Speaker Feliciano Belmonte said House leaders intended to meet with Senate counterparts a week before the Jan. 21 resumption of their sessions to discuss what both chambers could pass in the limited time they have.
Congress will adjourn on Feb. 8. Its next session day will be in June, but it is only expected to meet for one day to formally adjourn the 15th Congress.
Belmonte said it would be useless for the House to pass bills if the Senate would be unable to tackle and approve the counterpart measures in its chamber.
“We want to know what can be done… otherwise what’s the use of passing it?” Belmonte told reporters.

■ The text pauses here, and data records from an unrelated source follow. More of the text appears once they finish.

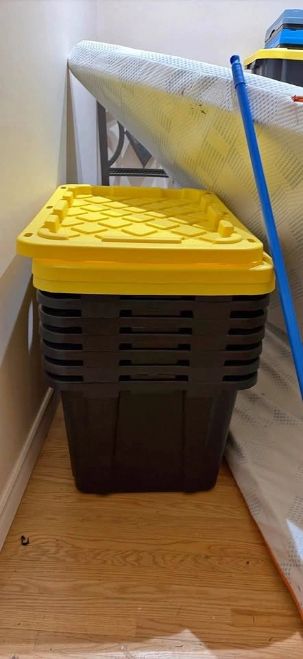 Durable plastic storage bins come in a set of five with matching yellow lids. These heavy-duty totes are black with reinforced lids for stacking. Great for organizing garage or basement.
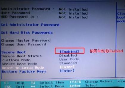 1、重啟計(jì)算機(jī),開機(jī)的時(shí)候一直按F2或(FN+F2)進(jìn)入BIOS,按→方向鍵切換到Security,選擇Secure Boot回車設(shè)置成Disabled;
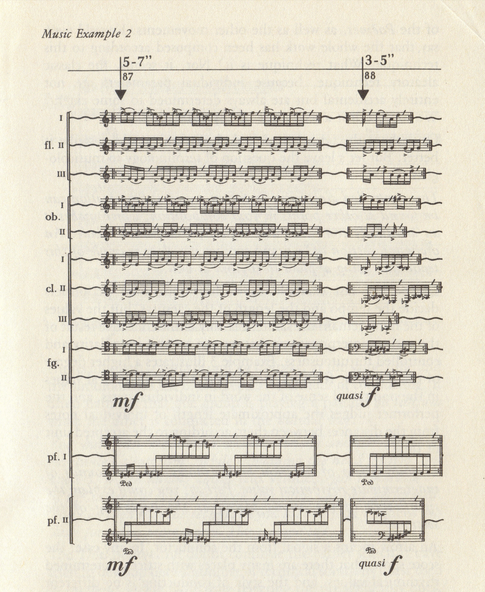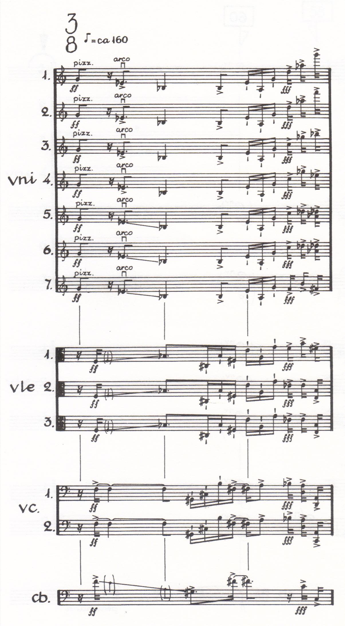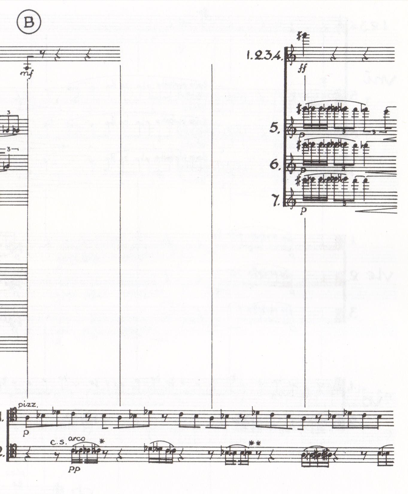 En el siguiente pasaje obtiene una textura puntillista, con notas agudas y armónicos que rodean la nota si, empezando con los violines y siguiendo con entradas paulatinas de los demás instrumentos con notas más graves.
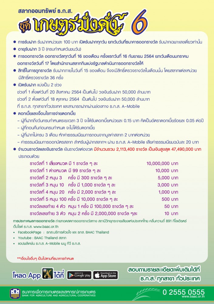ธ.ก.ส.ปลื้ม!สลากออมทรัพย์ ธ.ก.ส. ชุดเกษตรมั่งคั่ง 6 หน่วยละ 100 บาท วงเงิน 50,000 ล้านบาท ลุ้นรางวัล 10 ล้านบาทเปิดรับฝากวันแรก 20 สิงหาคม 2564 คนแห่ไปฝากเพียงครึ่งวันเต็มวงเงิน 5 หมื่นล้านบาท ประกาศขอบคุณลูกค้าผู้มีอุปการคุณทุกท่านที่ให้การตอบรับเป็นอย่างดี พบกันใหม่รับฝากอีกครั้ง ในวันที่ 18 ตุลาคมนี้ วงเงิน 50,000 ล้านบาทเท่าเดิม ผ่านช่องทาง ธ.ก.ส. A-Mobile และ ธ.ก.ส. ทุกสาขาทั่วประเทศ
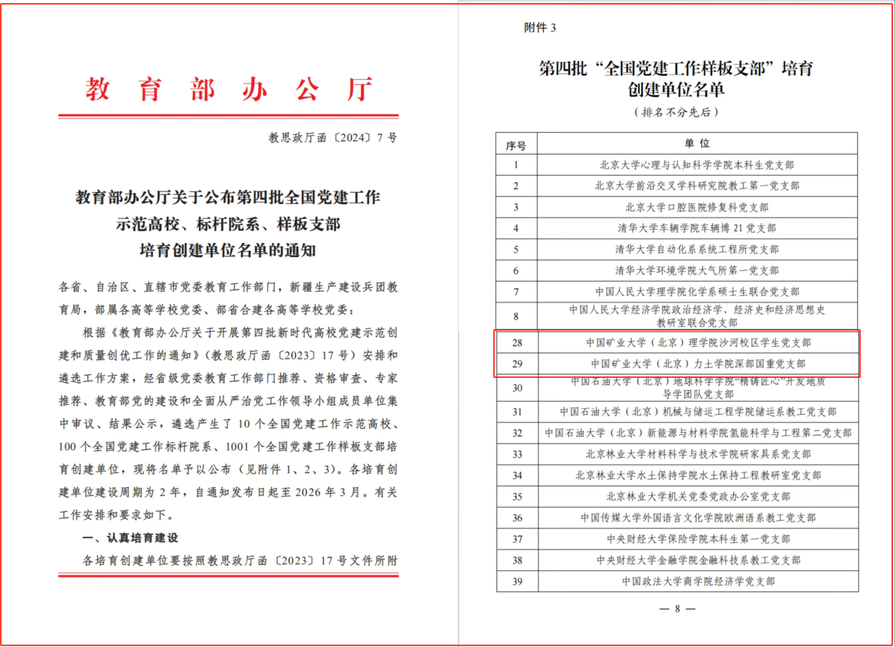 本网讯 近日,教育部下发了《关于公布第四批全国党建工作示范高校、标杆院系、样板支部培育创建单位名单的通知》(教思政厅函[2024]7号),经省级党委教育工作部门推荐、资格审查、专家评审、教育部党的建设和全面从严治党工作领导小组成员单位集中审议、结果公示,遴选产生了10个全国党建工作示范高校、100个全国党建工作标杆院系、1000个全国党建工作样板支部。我校力学与土木工程学院深部国重党支部和理学院沙河校区学生党支部入选“全国党建工作样板支部”培育创建单位。截至目前我校共7个党支部入选“全国党建工作样板支部”培育创建单位。
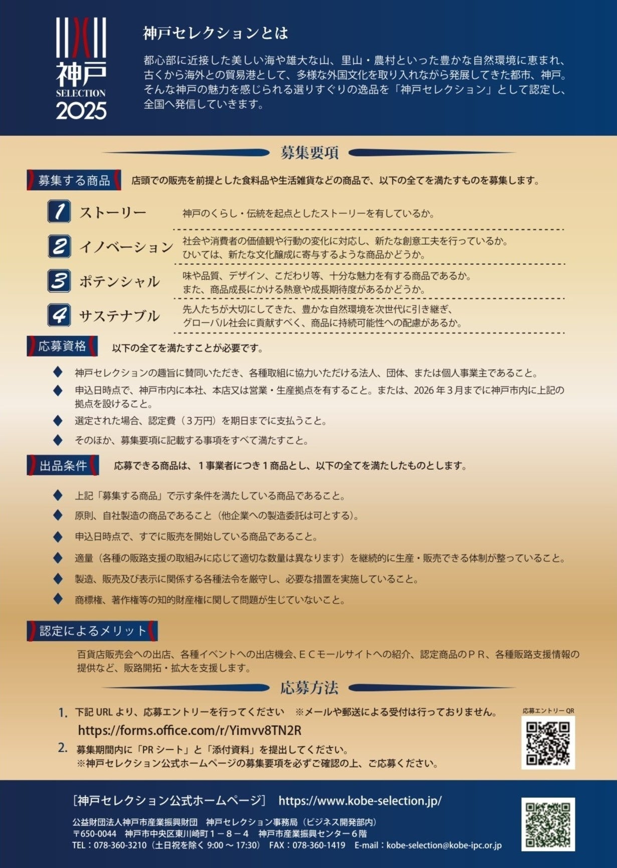 (公財)神戸市産業振興財団では、コロナ禍を経て、募集再開2年目の「神戸セレクション2025」。皆様の魅力ある商品を募集します!
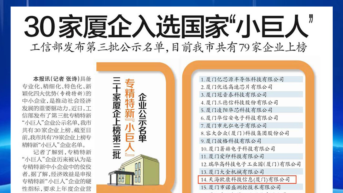 三十家廈企上榜第三批專精特新“小巨人”企業(yè)公示名單
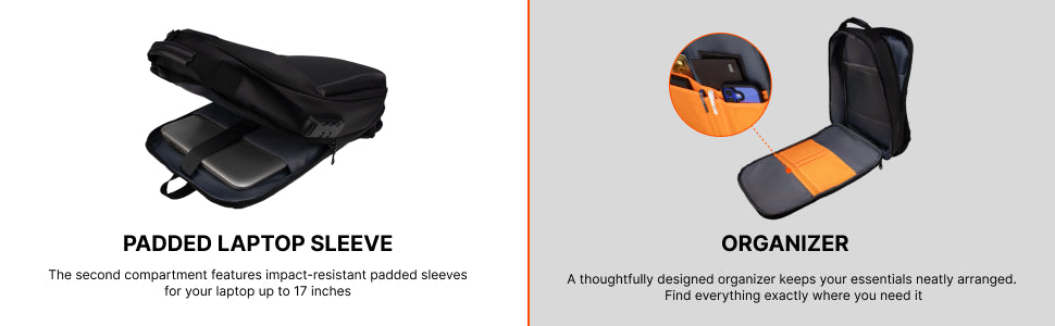 Includes 2 spacious compartments and 2 utility pockets, offering smart organization for a 17-inch laptop, books, and accessories. Designed with ergonomic padded back support and cushioned shoulder straps for maximum comfort. - Travel-Ready & Warranty Protected:
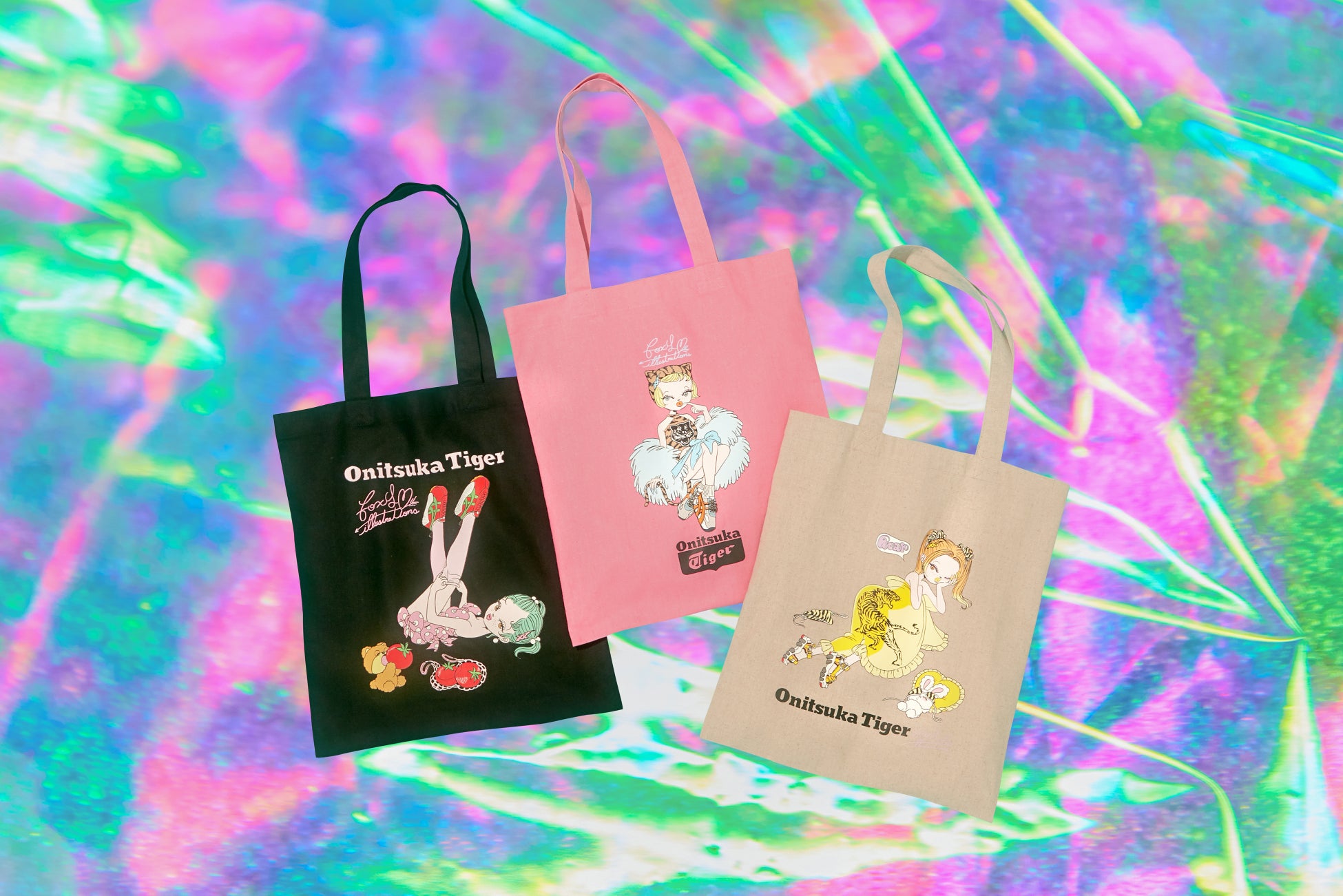 今回、デンマーク、カナダ、上海、ロンドンなど、海外に移り住みながら独学でイラストを始め、現在は東京を拠点に活動しているアーティストのfoxy illustrationsの作品を起用。独自の甘い世界観のなかにオニツカタイガーのDNAが散りばめられたオリジナルキャラクターをプリントしたスペシャルコレクションを展開します。
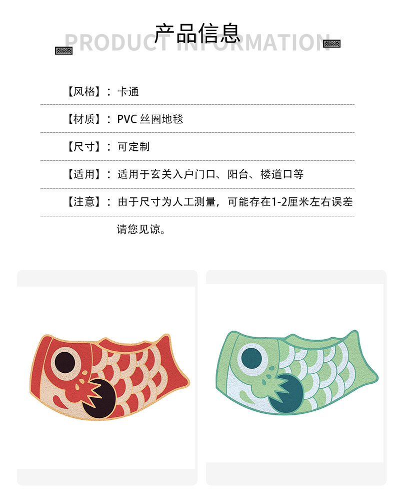 일본식 잉어 깃발 입구 문 문지르는 흙 발 매트 입구 먼지 방지 빨 바닥 매트 pvc 테일링 실크 링 바닥 매트스토어 가기
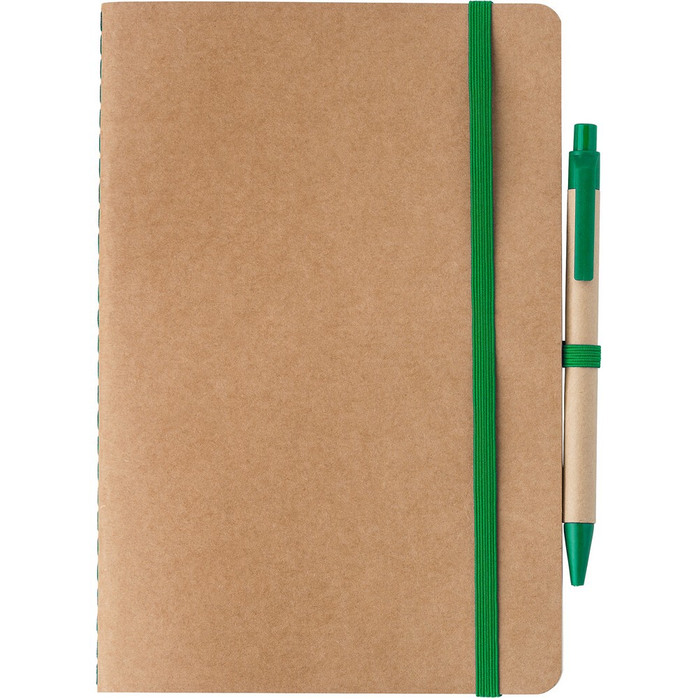 Notatnik A5 z tektury pochodzącej z recyklingu (60 pustych kartek), elastyczna opaska do zamykania, dołączony długopis ze słomy pszenicznej

Earlier, he said he would see if pending measures in the House, such as the freedom of information bill and the antitrust bill, could still be tackled in the remaining days of Congress.
The FOI bill has not been sponsored in the plenary and it is expected to be hounded by debates because of proposals to insert a controversial right of reply provision and to expand its coverage to include transparency in the private sector.
Aside from the debates, the period of amendments could also take some time because of these issues.
The FOI measure, whose passage was promised by President Aquino during the 2010 campaign, has not been certified by the latter as urgent. It is intended to pave the way for greater transparency in government transactions.
The antitrust bill, which Belmonte supports, is in the period of debates and amendments. It seeks to penalize anticompetitive agreements and mergers.
The measure was actually approved on second reading on Aug. 8 last year but this was retracted after several lawmakers appealed and said they wanted to propound more questions and introduce more amendments.
Since 2010, the 15th Congress has approved 2,579 measures, and 209 have been enacted into law, including the reproductive health bill and the sin tax bill.